The ideal formula is NaMgFe3+5(PO4)4(OH)6⋅2H2O which requires Na2O 3.67, MgO 4.77, Fe2O3 47.27, P2O5 33.62, H2O 10.67, total 100 wt.%.
X-ray crystallography and crystal-structure determination
Powder X-ray diffraction data (Table 3) were recorded using a Rigaku R-Axis Rapid II curved imaging plate microdiffractometer with monochromatised MoKα radiation. A Gandolfi-like motion on the ϕ and ω axes was used to randomise the sample. Observed d values and intensities were derived by profile fitting using JADE Pro software (Materials Data, Inc.).
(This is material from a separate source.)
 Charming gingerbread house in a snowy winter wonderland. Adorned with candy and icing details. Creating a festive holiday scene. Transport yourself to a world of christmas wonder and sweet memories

The unit-cell parameters refined from the powder data using JADE Pro with whole-pattern fitting are: a = 26.07(2), b = 5.17(2), c = 13.95(2) Å, β = 111.56(2)° and V = 1749(7) Å3, which are in good agreement with the single-crystal study below.
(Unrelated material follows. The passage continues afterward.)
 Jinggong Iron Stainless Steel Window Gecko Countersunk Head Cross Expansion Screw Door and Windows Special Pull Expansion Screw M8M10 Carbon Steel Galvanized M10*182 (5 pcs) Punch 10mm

A crystal was attached to a MiTeGen polymer loop and X-ray diffraction data was collected at the micro-focus macromolecular MX2 beamline at the Australian Synchrotron (Aragao et al., 2018). Data were collected using a Dectris EigerX 16M detector and monochromatic radiation with a wavelength of 0.710760 Å. The data set was processed using XDS (Kabsch, 2010) without scaling, and with absorption correction and scaling using SADABS (Bruker, 2001). Structure solution in space group C2/c was carried out using SHELXT (Sheldrick, 2015a) as implemented in the WinGX suite (Farrugia, 2012). The atom coordinates were then transformed to correspond to those in the structure of dufrénite (Moore, 1970). SHELXL-2018 (Sheldrick, 2015b) was used for the refinement of the structure. All H atom sites were located in difference-Fourier maps and were refined with soft restraints of 0.82(3) Å on the O–H distances. The site occupancies at the X site and the M2 site were fixed to (Na0.81Ca0.19) and (Mg0.75Mn2+0.19Fe2+0.05), respectively, in accordance with the electron microprobe data. The final refinement converged to an agreement index of R1 = 1.97% for 1060 observed reflections with Fo > 4σ(Fo). Data collection and refinement details are given in Table 4, atom coordinates and displacement parameters in Table 5, selected bond distances in Table 6 and a bond valence analysis in Table 7. The crystallographic information file has been deposited with the Principal Editor of Mineralogical Magazine and is available as Supplementary material (see below).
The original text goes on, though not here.